Abstract
The aim of this study was to determine the clinical impact of whole body positron emission tomography (FDG PET) to detect clinically silent metastases in the follow-up of patients with high risk melanoma. FDG PET was performed to 30 asymptomatic melanoma patients (AJCC stage IIB–IIIC) 7–24 months after the primary surgery and sentinel node biopsy. FDG PET was able to detect six of seven recurrences, constituting 20% of all study patients. One patient presented with a negative FDG PET finding at the very first scanning, but was positive later in a repeated scan after manifestation of palpable mass in the axilla.

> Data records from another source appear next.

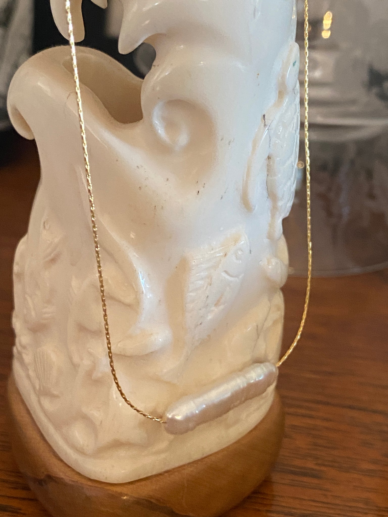 This necklace features a white Freshwater BIWA Pearl on a Gold plated Sterling Silver Chain with a sterling silver lobster clasp with extension chain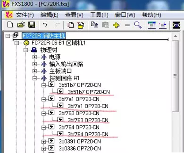 在調(diào)試軟件上看,每一個感煙探測(cè)器OP720下面都有一個通道,如圖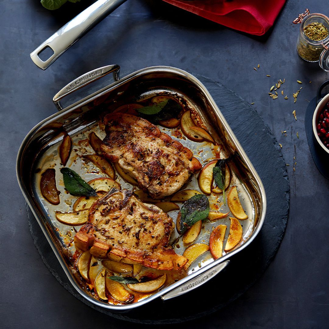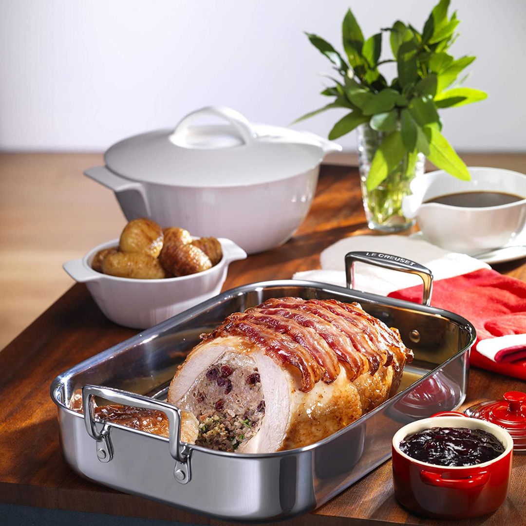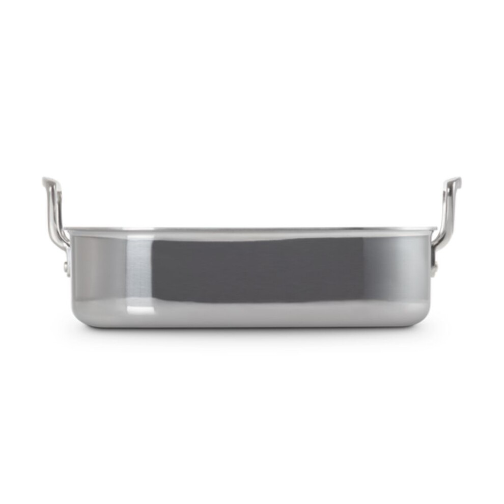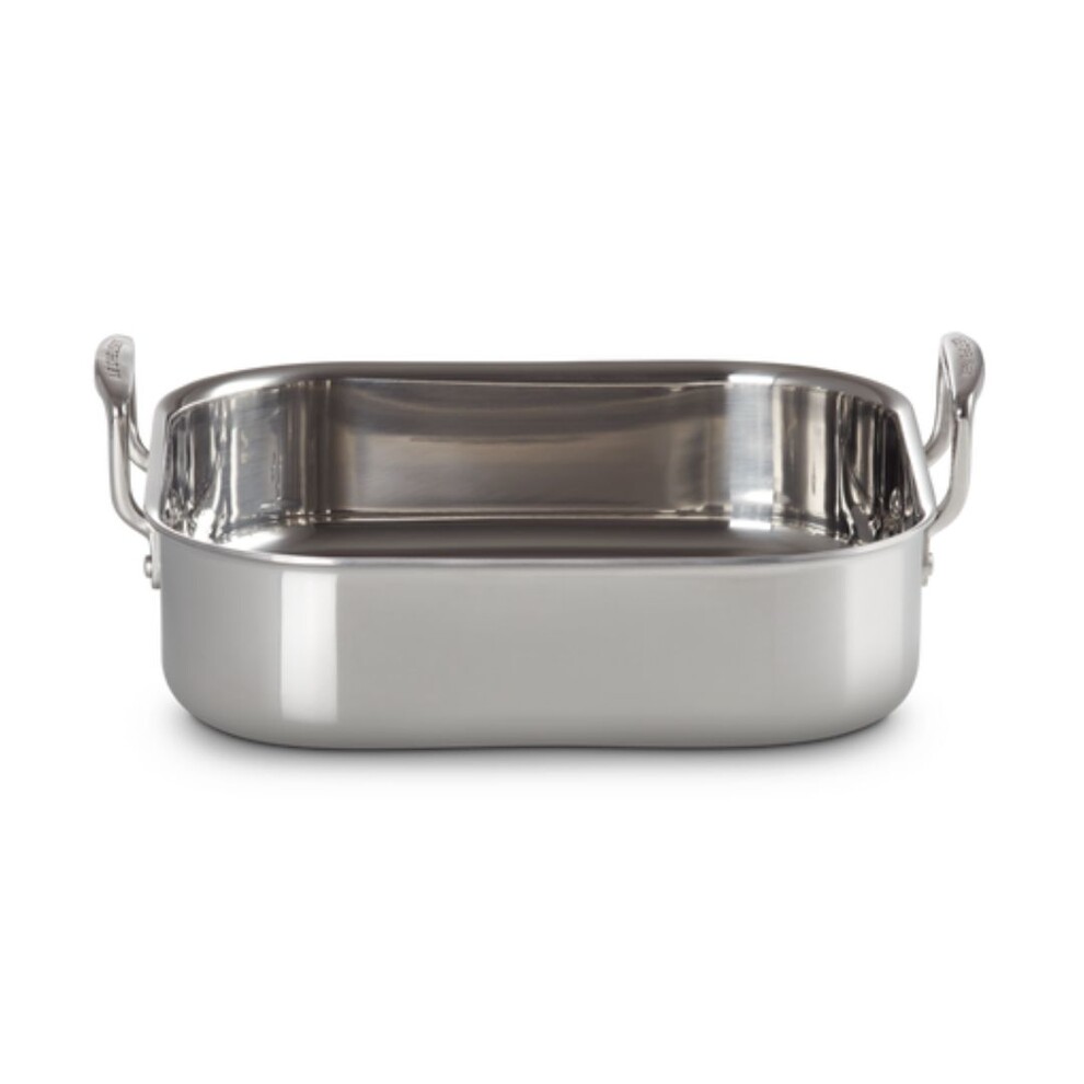 Le plat à rôtir en inox de la marque Le Creuset est revêtue de 3 couches d'inox et d'aluminium, ce qui permet une optimisation de l’homogénéité de la chaleur pour une cuisson parfaite.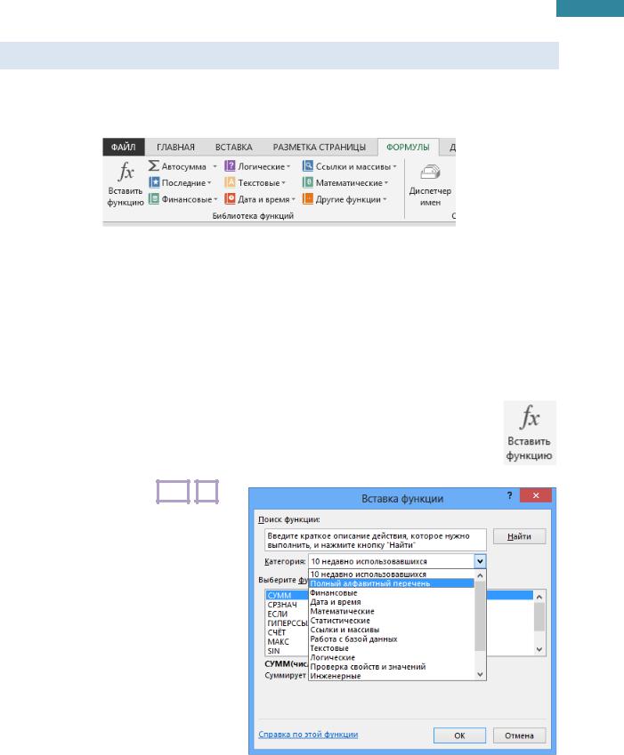 На вкладке Формулы [Formulas], в группе Библиотека функций [Function Library], выбрать Вставить функцию [Insert Function].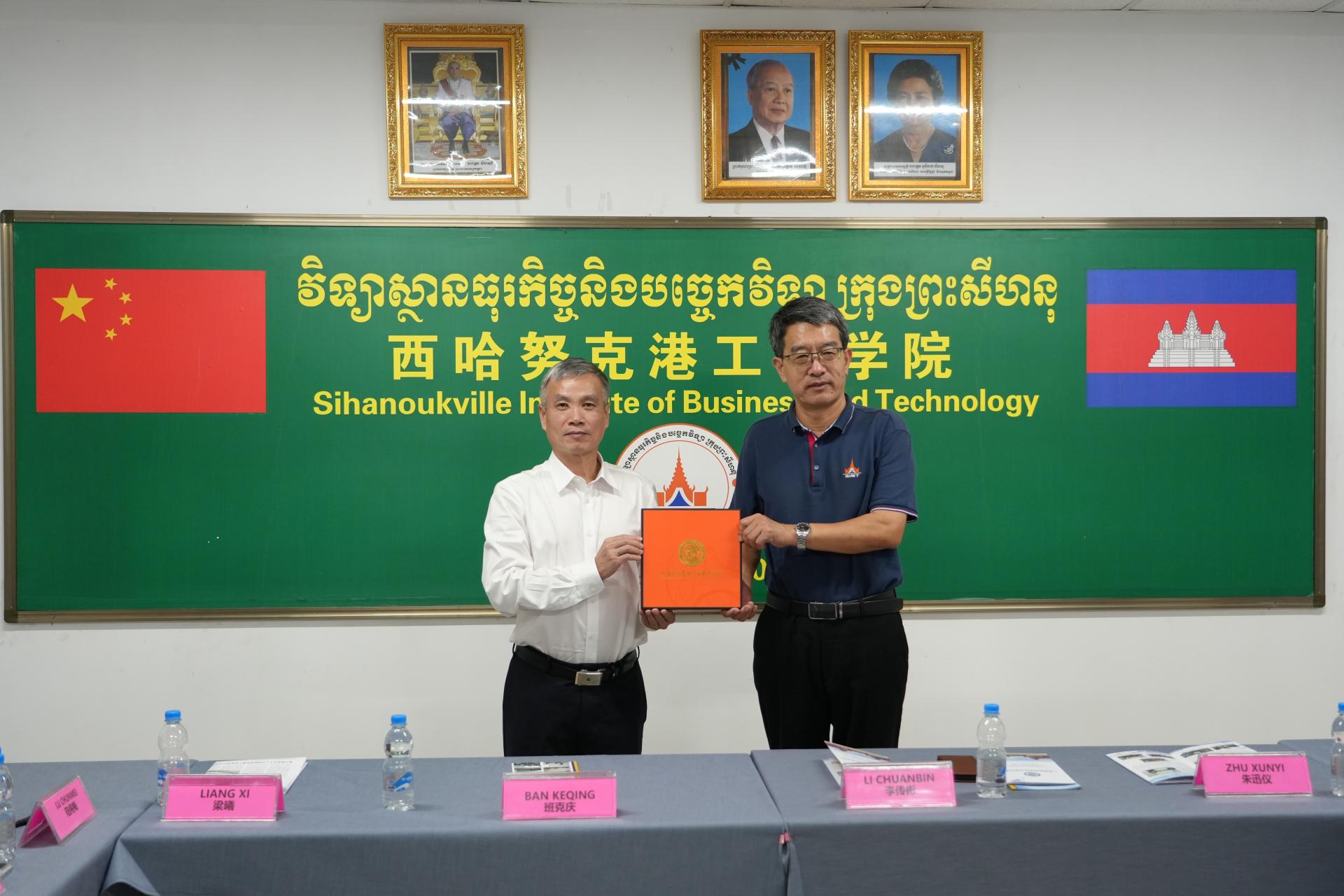 班克庆向西哈努克港工商学院院长李传彬赠送礼物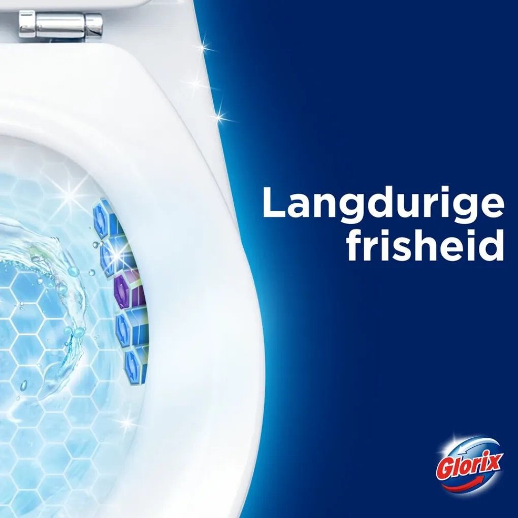 Het Glorix Hygiëne Toiletblok geeft elke spoelbeurt de kracht van Glorix Power 5, tot wel 300 spoelbeurten lang.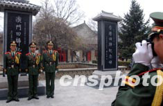 清明公祭軒轅黃帝典禮五日在陜西省黃陵縣軒轅廟前廣場舉行,出席典禮的陜西省武警總隊國旗護衛隊的武警在軒轅廟內的港澳回歸紀念碑前留影。作者:武仲林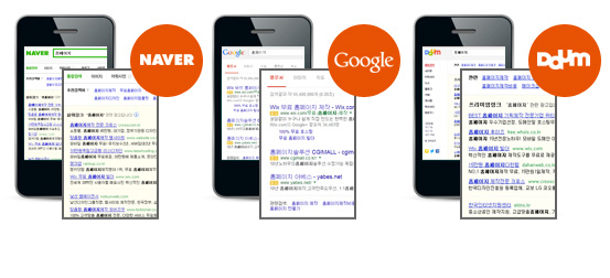 모바일검색은 포털에서 사용자가 특정 키워드 검색시, 결과 페이지를 상단에 미리 등록된 광고지로 노출되는 광고입니다.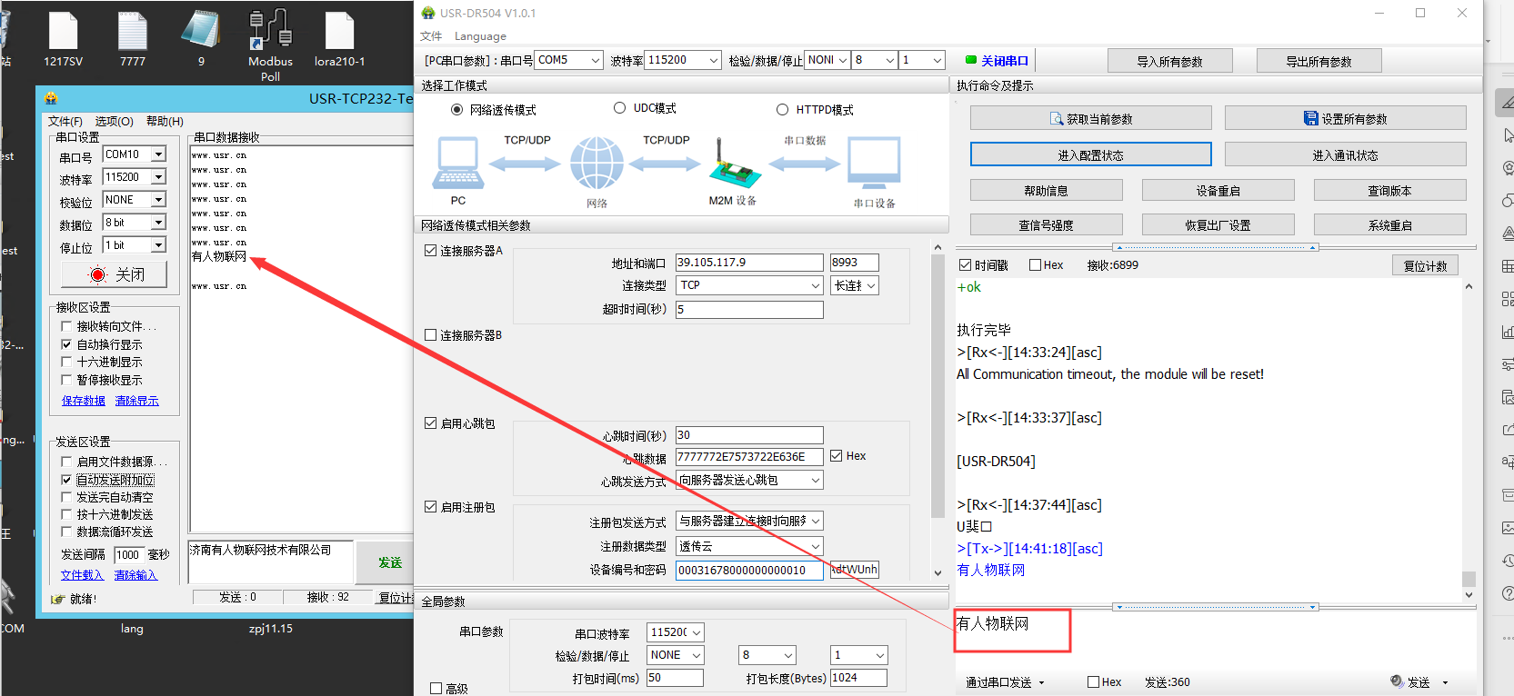 2、504串口通過(guò)USB轉(zhuǎn)485接到電腦端,裝上sim卡,接上天線,上電。

The positive PET finding had an impact on treatment decisions in every case: three patients underwent surgical resection and four patients received chemotherapy or interferon. The mean follow-up time was 27 months (range, 12–48 months) and during that time the other 23 patients with true negative FDG PET were disease-free. One of the seven recurrences was in remission after surgical metastasectomy. In conclusion, whole body FDG PET is a valuable follow-up tool in high risk melanoma to diagnose recurrences and to select the patients, who are suitable for surgical metastasectomy.
In Finland the incidence of melanoma has been steadily increasing. According to the Finnish Cancer Registry, the incidence rate of melanoma was 8.9 among male and 7.7 among female in 1999–2003 (age-adjusted rate per 100 000 population). During the same period the mortality rate of melanoma was 2.1 in male and 1.1 in female, respectively Citation[1].
A proportion of cutaneous melanoma patients carry a risk for developing recurrence and distant metastases. The probability for metastatic spreading can be estimated by the prognostic factors based on the histology of the primary lesion and nodal status. In this study a high risk melanoma is defined as stage IIB (tumour thickness 2.01–4.0 mm with ulceration or >4.0 mm without ulceration), stage IIC (tumour thickness >4.0 mm with ulceration) or stage III (any tumour thickness with nodal metastases present) melanoma, according to the staging system of American Joint Committee on Cancer (AJCC). In the AJCC database which consisted of 17 600 patients, these subgroups had 10 year survival rates varying between 51–54%, 32% and 15–63%, respectively Citation[2].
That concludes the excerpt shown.